Bu noktadan sonra mahkemenin en büyük delilleri olan güvenlik kamerası görüntüleri devreye girdi. Porton’un çocuğunun muhtemelen ölü olduğu anlarda sakin bir şekilde arabasıyla benzin istasyonuna uğradığı ve dolaştığı görülüyor. Kadın hastaneye gitmesinin ardından çocuğunun ölüm haberini alıyor ancak soğukkanlılığını koruyor. Hatta o sırada hastanenin güvenlik görevlilerinden biriyle buluşup seks yapmak için randevulaşıyor. Bu kayıtların hepsi kadının cep telefonu incelemsinden sonra ortaya çıkıyor.
Porton, iki çocuğunu canice öldürmesinin ardından Facebook profilinden çocuklarının fotoğrafını paylaşarak, “Annesinin melekleri benden çok erken alındı. Asla unutulmayacaksınız. Huzur içinde yatın…” diye yazdı. Kendisine bu paylaşım sorulduğunda ise, “Başka ne yapabilirdim ki?” diye yanıt verdi.
Louise Porton, erkelerin fetiş isteklerini karşıladığı bir eskort hesabı açtı. Kadın, yeterli para verildiği takdirde hiçbir şeyde sınır tanımadığını ifade ederek isteyen herkesle birlikte oluyordu. Cani kadının profil fotoğrafları arasında özellikle fetiş kıyafetler giydiği kareler göze çarpıyor.
Porton iki çocuğunu da katlettikten sonra 41 erkekle buluştu. Bir eskort sitesinde profilin bulunan cani kadın, özellikle yabancı müşterilere hizmet etti. Erkeklerin fetişlerini yerine getirmek için çalıştığını ifade eden kadın profilinde, “Her şeye açığım. Ne olduğunu bana sormadan bilemezsin. Sadece sor” yazarak müşteri toplamaya başladı. Genç kadının bir çok fetiş kostümü ile çekilmiş fotoğrafı bulunuyor.
Porton, mahkemede kendisine yöneltilen suçlamaları ilk etapta reddetti. “Neden kendi çocuklarımı öldüreyim” diyen cani anne, bekar bir anne olarak zorluklar yaşadığını ancak kimseden para istemediğini söyledi. “Onlar bana bir sebep veriyordu” diyen Porton, kızlarını zaman zaman parka götürdüğünü ve istedikleri aktiviteleri yaptığını söyledi.
Bu iddiaların ardından mahkemede tanık olarak dinlenen eski ev sahibi Leigh-Anne Bradley ise bambaşka bir profil çizerek, “Porton nadir zamanlarda çocuklarıyla ilgileniyordu.

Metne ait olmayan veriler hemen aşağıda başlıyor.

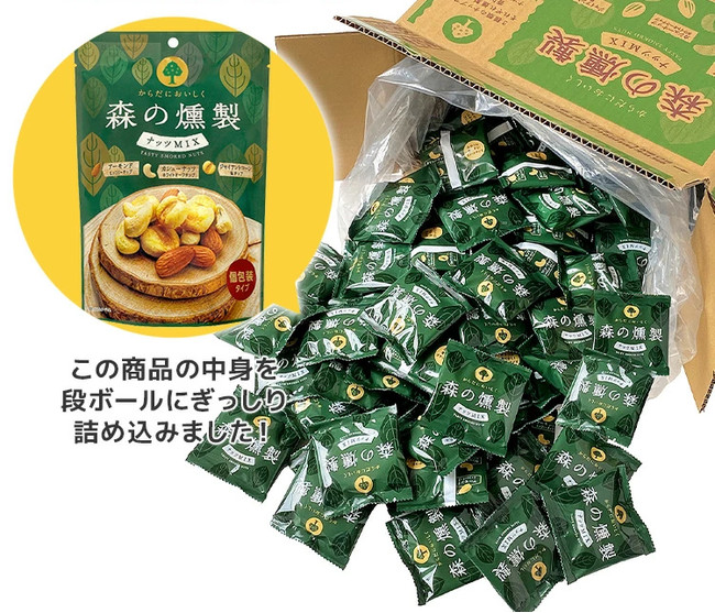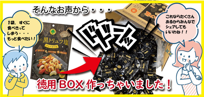大人のプレミアムなナッツとして人気の「森の黒トリュフ塩ナッツミックス」と「森の燻製ナッツミックス」、 「海薫るうにナッツミックス」は、食べきりサイズの個包装タイプで持運びにも便利な人気の商品です。高級素材を組み合わせたナッツは、こだわり志向のお客様に人気のシリーズで、大容量サイズを求めるお声をいただくことが多く、この度、遊び心あふれる、段ボール “1箱丸ごと” 商品としてお得なBIGサイズの商品に仕上げました。お客様のお声から生まれた、大人数でも十分にシェアできる大満足のサイズの商品です。

Bu zamanlarda da sürekli olarak küfür ve hakaretler ediyordu. Kesinlikle çocuklarıyla yaşamaktan memnun değildi. Her zaman öfkeliydi ve sürekli olarak çocuklarını ihmal ediyordu” dedi.
Porton mahkemenin karar duruşmasında ömür boyu hapis cezasına çarptırıldı.